Кубарем скатившись с чужого крыльца, Женька, пригнувшись, опрометью промчалась по дорожке вдоль живой изгороди и отдышалась только у высокого забора. При свете дня дачный поселок выглядел совсем нестрашным: обжитым и уютным. Тем более улица была отлично знакома девочке — нехорошая дача располагалась как раз напротив дома, который семья Александровых из года в год снимала на весь летний сезон. Сквозь порядочную щель в заборе Женька подсмотрела, как на высокой остекленной веранде готовит завтрак ее старшая сестра. А когда на тихую улицу свернула милицейская машина, Ольга бросила примус и кофейник, выбежала за калитку и остановилась, глядя вслед казенному автомобилю.
В глазах у Ольги блестели слезы.
«Надо срочно идти домой, — думала Женька, — иначе сестра отправится на розыски вместе с милицией. Хорошего из такого дела выйдет мало, опять будет крик и ссора. Жаль, времени придумать сносное объяснение у нее попросту нет!
Вывалить Ольге все — одним махом? Нет, так нельзя — был бы отец — он бы понял. А Ольга — что? Одно название „старшая сестра“, а присмотреться — такая же девчонка, как Женька, только с паспортом. Она ни за что не поймет!
Значит, надо рассказывать как можно дольше, тогда не придется сразу сознаваться. Человека надо сперва подготовить, а уж потом сознаваться про забытые библиотечные книги, потерянный ключ и неотправленную телеграмму».
Женька отодвинула нагретую солнцем доску, незаметно выскользнула из-за забора, втянула голову в плечи, подкралась к сестре, прижалась к ее спине и жалобно пролепетала:
— Оля… Оля — ты ругаться не будешь?
Девушка вздрогнула от неожиданности, оглянулась и оглядела младшую сестру — живую и здоровую. Ольга сразу насупилась, схватила младшую за плечо и потащила с улицы на дачную веранду:
— Буду!
— Ну ругайся, — согласилась Женя и позволила сестре отвести себя на веранду. — Оля, ты только бровями не дергай и не плачь, пожалуйста! Плакать я и сама умею…
Ольга побледнела и оперлась рукой о столешницу:
— Что стряслось?
— Ты не думай — ничего страшного… Просто такой, знаешь, случай… Странное, непредвиденное происшествие…
Женька, не умолкая ни на секунду, налила в стакан чая и откусила пряник — значит, с младшей все в порядке. У Ольги отлегло от сердца, но виду она не показала, а стала строго отчитывать сестру:
— Мы тебя прождали на станции целый вечер!
— Кто мы?
Ольга смешалась — не сестрино это дело, с кем она знакомится и ходит в кино.
— Мы — значит, люди. Тут такое творится — милиция с ног сбивается!
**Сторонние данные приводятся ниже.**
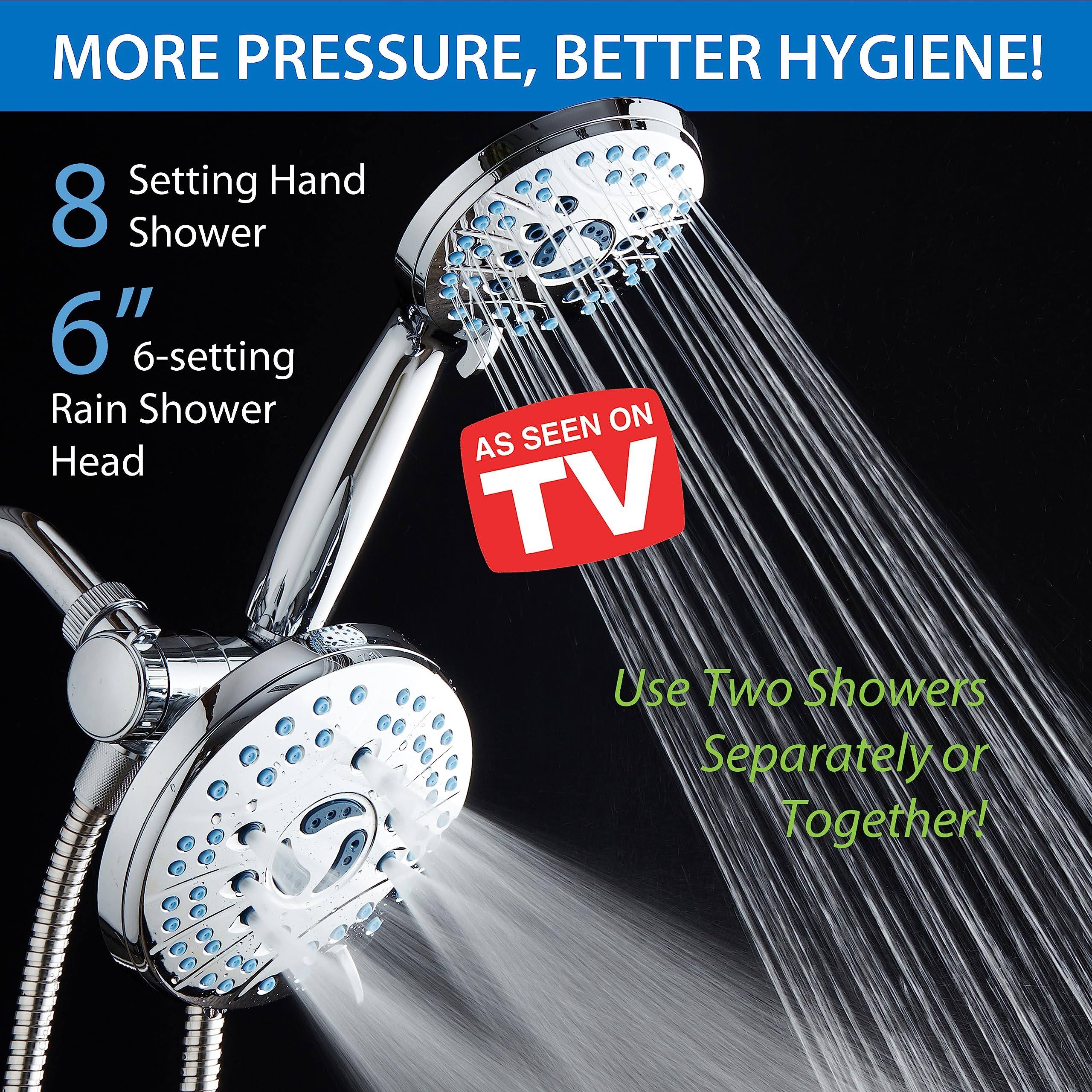 AquaCare As-seen-on-tv High Pressure 50-mode Rain & Handheld 3-Way Shower Head Combo- Anti-Clog Nozzles/Tub, Tile & Pet Power Wash/Extra Long 6 ft.
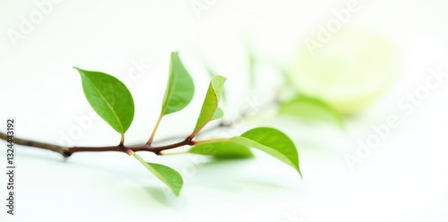 © PHOUVONG , Fototapeta premium Small isolated branch on dark white background, leaf, shadowy
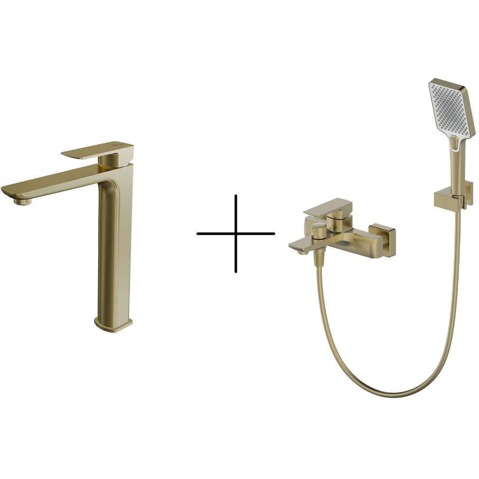 Комплект из смесителя для ванны наружного монтажа и смесителя для умывальника.

А ты шатаешься неизвестно где! Женя, я волновалась! Ты отправила телеграмму? Где книги? Расскажи все толком. Почему ты не приехала вчера?
— Я приехала вчера. Только как-то все не заладилось. Иду со станции — вижу, девочка ходит по улице… Беспризорная!
— Евгения! В советской стране нет беспризорных детей! Прекрати выдумывать!
— Да я правду говорю! Иду я со станции, а мне навстречу товарищ в полосатом костюме. Я ему здрасте — и он мне здрасте. Я ему — как пройти на Зеленую улицу? А он мне говорит — так мы соседи! Наверное, твою сестру зовут Ольга?
Ольга вспыхнула, — ну конечно, он знал, знал, как ее зовут!
— А ты что?
— Я? Отвечаю — нет у меня никакой сестры!
— ЧТО? — ужаснулась Ольга. — Как ты могла? Нельзя врать взрослым!
— Но ты же сама, сама сказала мне ничего не рассказывать незнакомым…
— Я тебе с незнакомыми запретила раз-го-ва-ри-вать! Вообще! Понятно?
— А я не разговаривала! — пожала плечами Женька и налила в блюдечко варенье. — Он мне — аааааааа… Я ему — беееееееееее… Сразу видно — положительный человек!
Ольга здорово разозлилась на сестру, крикнула:
— Ты мне все врешь! — ухватила за плечи и сильно встряхнула. — Ты негодная девчонка! Говори мне правду!